Domain-Agnostic Neural Oil Painting

Domain-Agnostic Neural Oil Painting via Normalization Affine Test-Time Adaptation

Abstract

Neural oil painting synthesis is to sequentially predict brushstroke color and position, forming an oil painting step by step, which could serve as a painting teacher for education and entertainment. Existing methods usually suffer from degraded generalization for real-world photo inputs due to the training-test distribution gap, often manifesting as stroke-induced artifacts (e.g., over-smoothed textures or inconsistent granularity).

In an attempt to mitigate this gap, we introduce a domain-agnostic neural painting (DANP) framework that aligns model to the test domain. In particular, we focus on updating affine parameters of normalization layers efficiently, while keeping other parameters frozen.

To stabilize adaptation, our framework introduces:
(1) Asymmetric Dual-Branch with mirror augmentation for robust feature alignment via geometric transformations,
(2) Dual-Branch Interaction Loss combining intra-branch reconstruction and inter-branch consistency, and we also involve an empirical optimization strategy to mitigate gradient oscillations in practice.

Experiments on real-world images from diverse domains (e.g., faces, landscapes, and artworks) validate the effectiveness of DANP in resolution-invariant adaptation, decreasing ~11.3% reconstruction error at 512px and ~20.3% at 1024px compared to the baseline model. It is worthy noting that our method is compatible with existing methods, e.g., Paint Transformer, and further improves the ~10.3% perceptual quality.

Methodology

DANP Pipeline Architecture

Given one single input image of 512 × 512, we split it into different levels according to a pyramid hierarchy as a training set. At each level, the resolution of the image gradually increases until the bottom layer generates a boundary feature map of 544 × 544. At each layer, the feature map is divided into 32 × 32 image patches, which are then input into the Pretrained model for further processing.

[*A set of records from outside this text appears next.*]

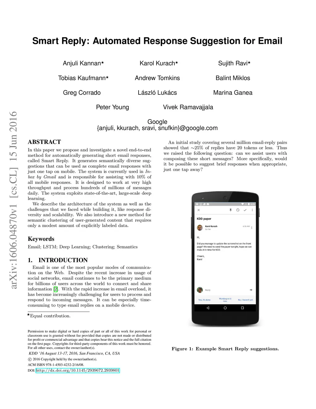 In this paper we propose and investigate a novel end-to-end method for automatically generating short email responses, called Smart Reply. It generates semantically diverse suggestions that can be used as complete email responses with just one tap on mobile. The system is currently used in Inbox by Gmail and is responsible for assisting with 10% of all mobile responses. It is designed to work at very high throughput and process hundreds of millions of messages daily. The system exploits state-of-the-art, large-scale deep learning. We describe the architecture of the system as well as the challenges that we faced while building it, like response diversity and scalability. We also introduce a new method for semantic clustering of user-generated content that requires only a modest amount of explicitly labeled data.
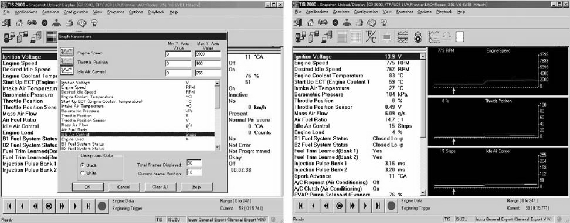 Graph Display Values and Graphs (Max. 3 graphs):1. Click the icon for graph display. "Graph Parameter" window opens.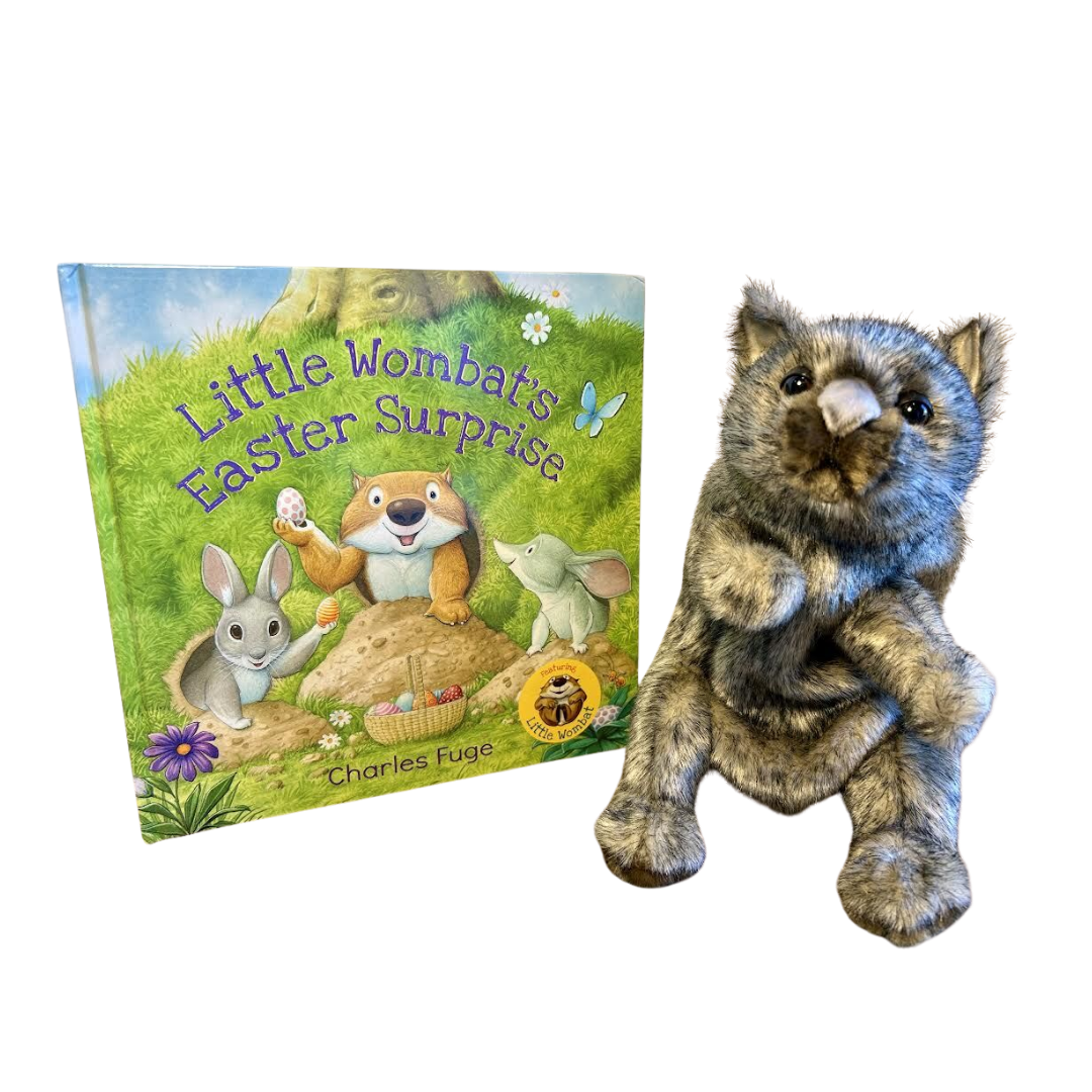 This bundle includes the book 'LIttle Wombat's Easter Surprise' and Wombat Hand Puppet

During the Dual-Branch adaptive optimization process, we adopt a freezing strategy for the pretrained model, freezing all other layers except BatchNorm and LayerNorm during the training process to keep the remaining parameters unchanged. The test dataset obtained in the first stage is divided into two parallel processing routes, one of which horizontally flips the image patch and the current patch, and inputs them in batches into the pretrained model.